1. Dicen que he sido pintado a toda prisa en papel basto

y áspero para que el maestro narrador tenga tras él la imagen

de un árbol. Eso es cierto. Ahora, junto a mí, no hay ni otros árboles esbeltos, ni plantas de siete hojas de la estepa, ni rocas negras retorcidas que a veces se parecen al Diablo y otras a un hombre, ni nubes chinas rizadas en el cielo. Sólo el suelo, el cielo y yo, y la línea del horizonte. Pero mi historia es más complicada.

2. Como árbol, es evidente que no tendría por qué formar parte de un libro. Ahora bien, como pintura de un árbol que soy, me incomoda no estar en cualquier página de un libro. Se me ocurre que si no reflejo algo en un libro, podrían colgarme de la pared como hacen los idólatras y los infieles y postrarse ante mí. Que no se entere la gente del maestro de Erzurum, pero eso me enorgullece en secreto aunque luego me avergüence y me dé miedo.

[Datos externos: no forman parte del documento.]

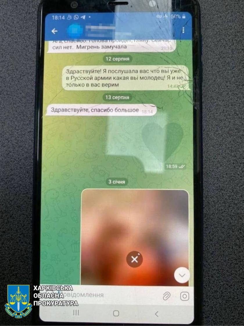 "Там жінка ділилася своєю позицією — запевняла інших користувачів, що президент рф "гуманный", стверджувала, що "Харьков скоро будет россией" та повторювала тези роспропаганди. У свою чергу, українських патріотів вона називала "зомбованими та психічно хворими людьми". Вона негативно висловлювалась про українських патріотів та схвалювала дії російських військових на території нашої держави. Протиправний характер висловлювань зловмисниці підтверджено відповідним висновком експертизи", — розповіли у Харківській обласній прокуратурі.

3. La razón fundamental de mi soledad es que ni siquiera yo sé de qué historia formo parte. Iba a ser parte de una, pero me caí de ella como una hoja. Voy a contároslo:

Historia de mí caída de mi historia

como una hoja que cae del árbol

Hace cuarenta años, Tahmasp, el sha de los persas, que era tanto el mayor enemigo del Otomano como el rey más amante de las ilustraciones que existió sobre la faz de la Tierra, empezó a mostrar síntomas de senilidad y lo primero que le ocurrió fue que dejaron de interesarle las diversiones, el vino, la música, la poesía y la pintura. Cuando abandonó también el café, su mente dejó de funcionar. Poseído por las aprensiones de todo viejo de alma negra y cara larga, trasladó la capital de Tabriz, que por entonces era territorio persa, a Kazvin con la idea de estar todo lo lejos posible de las tropas otomanas. Cuando envejeció aún más fue poseído por un demonio, sufrió una crisis nerviosa y renunció completamente, como si fueran las mayores de las blasfemias, al vino, a los efebos y a la pintura, todo lo cual es una buena prueba de que tan Enaltecido Sha había perdido completamente la cabeza después de perder el gusto por el café.

Y fue así como los encuadernadores, calígrafos, iluminadores e ilustradores que con sus manos milagrosas habían estado creando las mayores maravillas del mundo durante veinte años en Tabriz se dispersaron de ciudad en ciudad como una bandada de palomas. El sultán Ibrahim Mirza, sobrino y yerno del sha Tahmasp, invitó a los más brillantes de ellos a Meshed, de donde era gobernador, les instaló en sus talleres y les encargó que escribieran los siete mesnevi de Heft Evreng de Câmi, el mejor poeta de Herat en tiempos de Tamerlán, y así comenzaron a hacer un maravilloso libro ilustrado. El sha Tahmasp, que quería pero envidiaba a su inteligente y agradable yerno y que lamentaba haberle entregado a su hija, se sintió consumido por los celos cuando oyó hablar de tan prodigioso libro y, enfurecido, depuso a su sobrino como gobernador de Meshed y lo desterró a la ciudad de Kain y posteriormente, en otro ataque de furia, a la todavía más pequeña ciudad de Sebzivar. Así, los calígrafos e ilustradores de Meshed se dispersaron por otras ciudades y países, por los talleres de otros sultanes y príncipes.